The Third Leader: Property ladder
Ladies and gentlemen, pursuing this space's fearless independence and obstinate refusal to tack or trim to the prevailing breezes of fashionable thought, I want, today, to invite your sympathy for the estate agent.
Ladies and gentlemen, pursuing this space's fearless independence and obstinate refusal to tack or trim to the prevailing breezes of fashionable thought, I want, today, to invite your sympathy for the estate agent.
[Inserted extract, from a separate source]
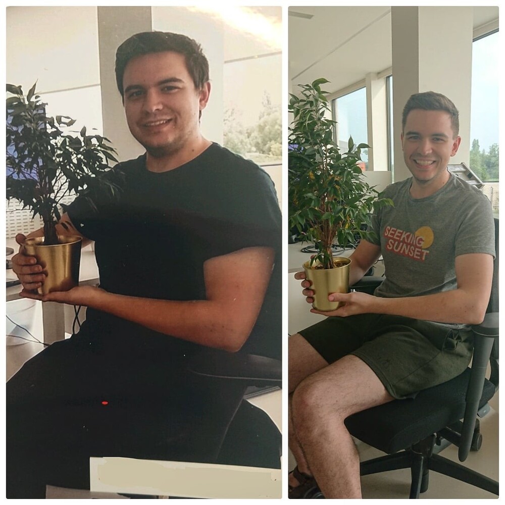 12. My achievements for 9 months - minus twenty kilograms and a grown office plant

Yes, I know a Which? report is criticising the trade for six-figure variations in valuations, claiming that undervaluations for a quick sale are jostling with overvaluations to sign up vendors. Yes, I know how trust-sapping it can be, as autumn turns to winter turns to spring and that day when they came round and you said "how much?" and rushed out to buy Country Life becomes a distant memory and those people round the corner whom you've never liked flogged theirs in a month and it wasn't that different from yours, except, all right, the outside was newly painted, and there was the new guttering, even if it was plastic.
But do you ever spare a thought for what is going on beneath that smart suit, behind that confident smile? For how it must be, battling with market vagaries, purchaser whims and vendor quirks? For how it must be, coping with the extra pressure added by the house's status as an economic and social bellwether? For how it must be, thinking up all those adjectives? And then having to break the bad news about the chain, the search, and the off-putting effect of that elderly bathroom suite? And then, finally, to get home, kick off the shoes and find there's nothing on the telly except, yes, programmes about selling houses?
How am I doing? The merest frisson of fellow feeling? Good. But if you want to shift this place, that orange carpet is still going to have to go.